В Нью-Йорке он работал грузчиком в универмаге «Мейси», а по вечерам посещал школу частных детективов. Эта школа, под названием «академия», располагалась на первом этаже гостиницы, заселенной в основном уроженцами Вест-Индии. Он признавал, что пойти туда было глупостью, пустой тратой денег, — но это была его свобода, это был Нью-Йорк. Приезжий мог позволить себе такую роскошь. Спустя два месяца он поступил на факультет кинематографии Нью-Йоркского университета.
Он готовил материал для программ новостей в Провиденсе. Написав ряд неоконченных сценариев, он подался на запад и стал делать производственные фильмы для компаний с названиями вроде «Сигнетика» или «Интерсил». В Калифорнии царила технократическая эйфория. Там было полно визионеров, которые говорили на своем жаргоне и вели галактические войны, сидя за экранами компьютеров в исследовательских центрах. Мы с Кэтрин жили тогда в Пало-Альто, довольные жизнью на периферии, подчищая наждаком свои подержанные стулья.
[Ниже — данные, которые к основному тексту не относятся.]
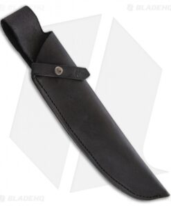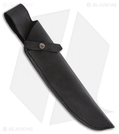 - Black leather sheath with a snap closure for secure belt carry.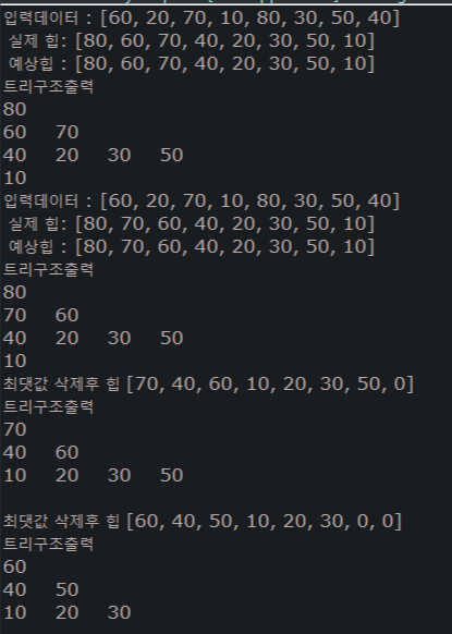System.out.printf("최댓값 삭제후 힙 %s \r\n", h2);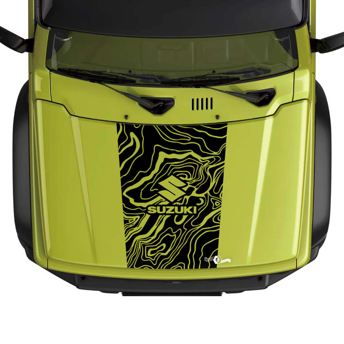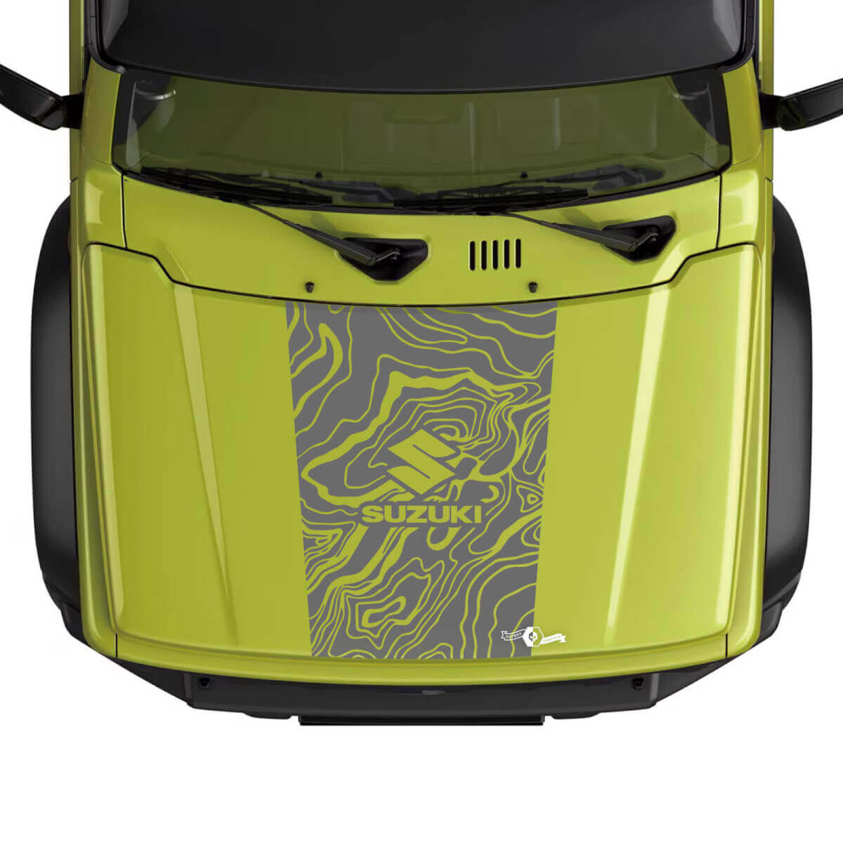 Enhance your Suzuki JIMNY's look with our Hood Topographic Map Logo decal sticker. Made from durable vinyl, this high-quality graphic adds a distinctive, adventurous touch to your vehicle's hood.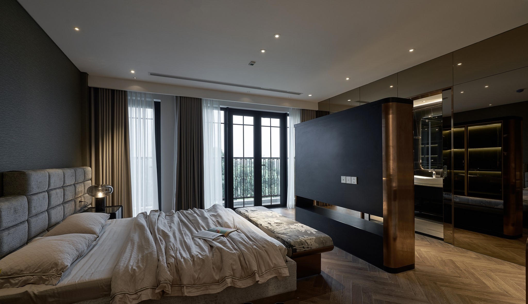 Bên trong phòng ngủ với thiết kế hệ vách đầu giường thiết kế bất đối xứng. |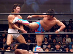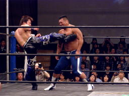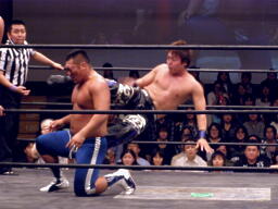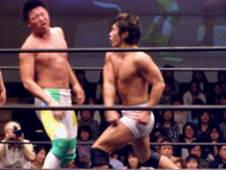 健介オフィス軍がアントンに3人攻撃の連続。アントンなんとか危機を脱出、HARASHIMAにタッチ。HARASHIMAが中嶋にチェストー!(左写真)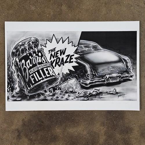 Signed Gossett PRINT vtg BARRIS 1951 Mercury Custom poster...
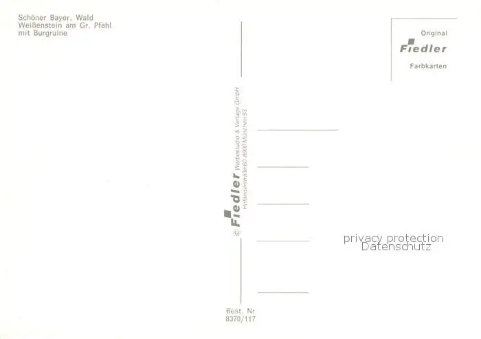 Weissenstein_Regen Grosser Pfahl Burgruine Weissenstein_Regen postalisch nicht gelaufen nach 1965 Erhaltung siehe scans [KathaD81] Kathoren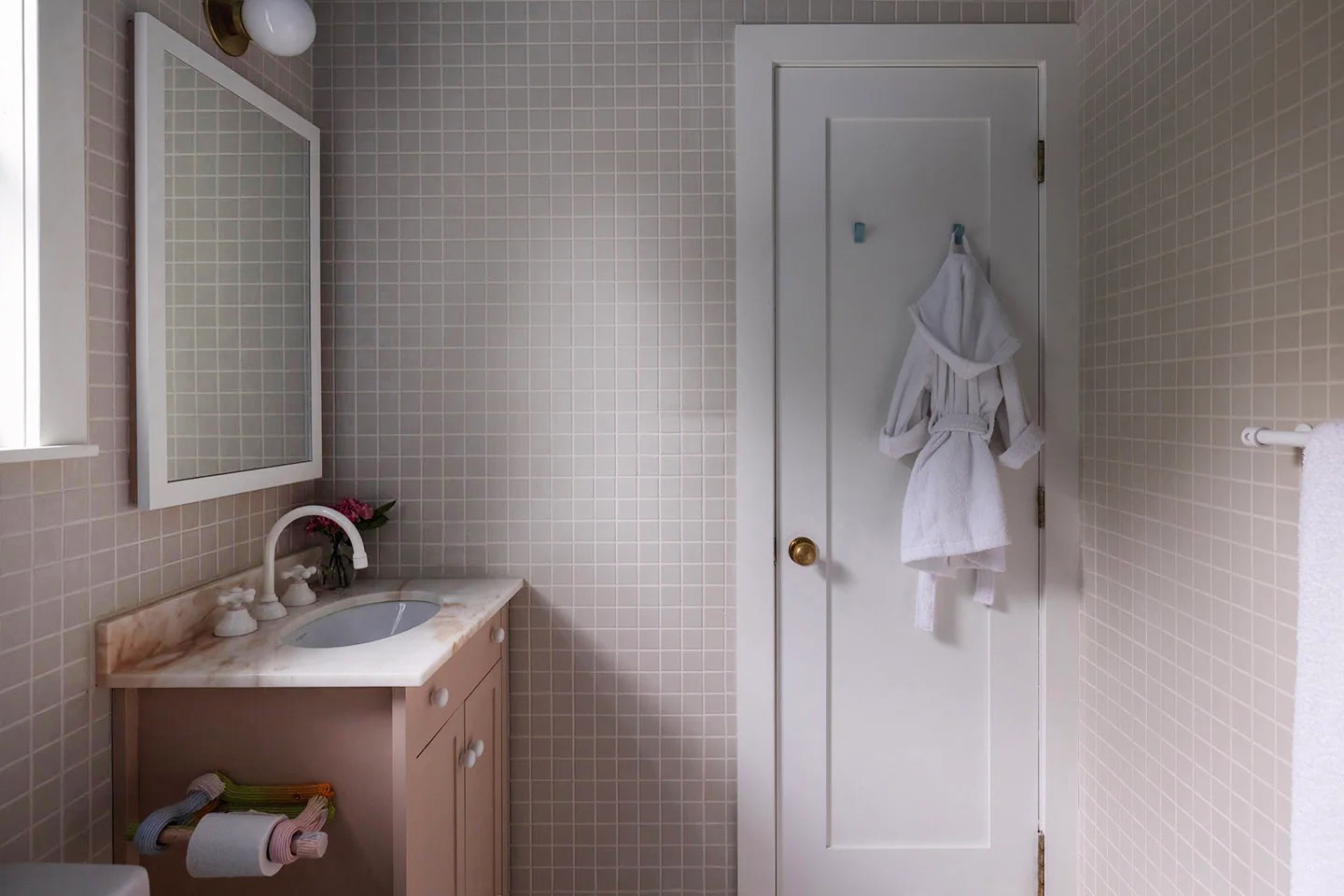 Pastel blue squares give this small but mighty kids’ bathroom in Jill Singer’s Hamptons home mid-century appeal. Knowing damp towels might get left on the floor or toothpaste residue smudged on the walls by her little ones, her designers at White Arrow opted for a full wet room of sorts by continuing the mosaic on all four walls—up to the ceiling.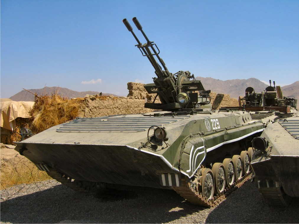 Pues bien, todas estas piezas están desprotegidas frente a agentes NBQ, puesto que son simples montajes sobre chasis, y a lo sumo una especie de casamata abierta por arriba como pasa con el ATP que monta el obús D-30 y para que decir nada del montaje doble similar (ver foto), similar a los que se montaron en Afganistán (ver foto) basado en el afuste doble ZU-23-2. Los cañones antiaéreos montados sobre vehículos, de poco sirven frente a la aviación actual que vuela a alta cota y elimina sus blancos sin ponerse en peligro.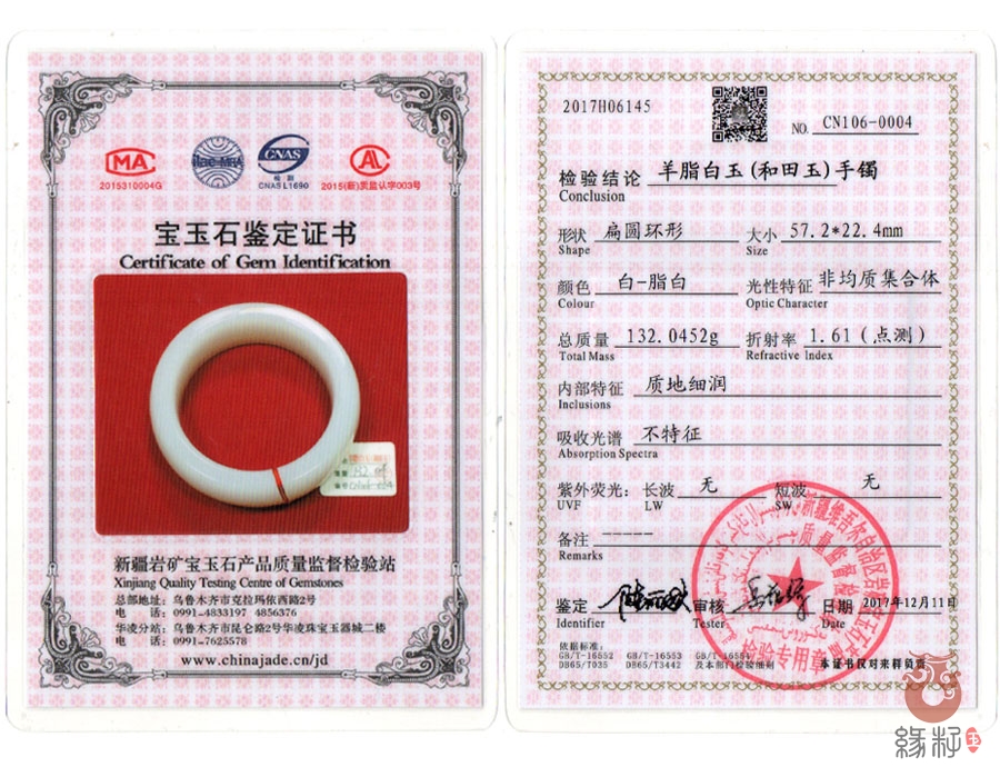 (附:新疆岩矿宝玉石产品质量监督检验站;国家和田玉产品质量监督检验中心样例)

Она работала в Центре обработки информации Стэнфордского университета — помогала студентам и преподавателям использовать компьютеры в их научной и учебной практике. Я, как обычно, выполнял мелкие дешевые заказы, которыми меня снабжали в основном местные электронные фирмы.
Я написал сценарий для фильма, который снимал Вольтерра. Он был скор и изобретателен, так и сыпал идеями насчет того, как надо делать кино, насчет смысла и языка кино. Он проводил с нами много времени. Мы ходили по кинотеатрам и участвовали в антивоенных демонстрациях. Эти вещи были взаимосвязаны. Все было взаимосвязано: молодежь в одежде, скроенной из американского флага, уличные шествия, музыка, марихуана. Когда война пошла на спад, я бросил курить траву.
Он бывал то комически печален, то драматически пылок, изображал нервное истощение, отнюдь не оправданное какими бы то ни было реальными неприятностями, и с видимым удовольствием проклинал наползавший с холмов туман. У него было узкое лицо и диковатый взор подростка, борющегося за выживание. Его стиль, его психологическое интриганство — все проистекало из этого глубинного источника. Потом, когда он располнел и отрастил вторую или третью из своих экспериментальных бородок, мне все еще казалось, что я распознаю в нем ту раннюю опасливость, гибкую логику комбинатора, решимость пойти на все, лишь бы получить перевес.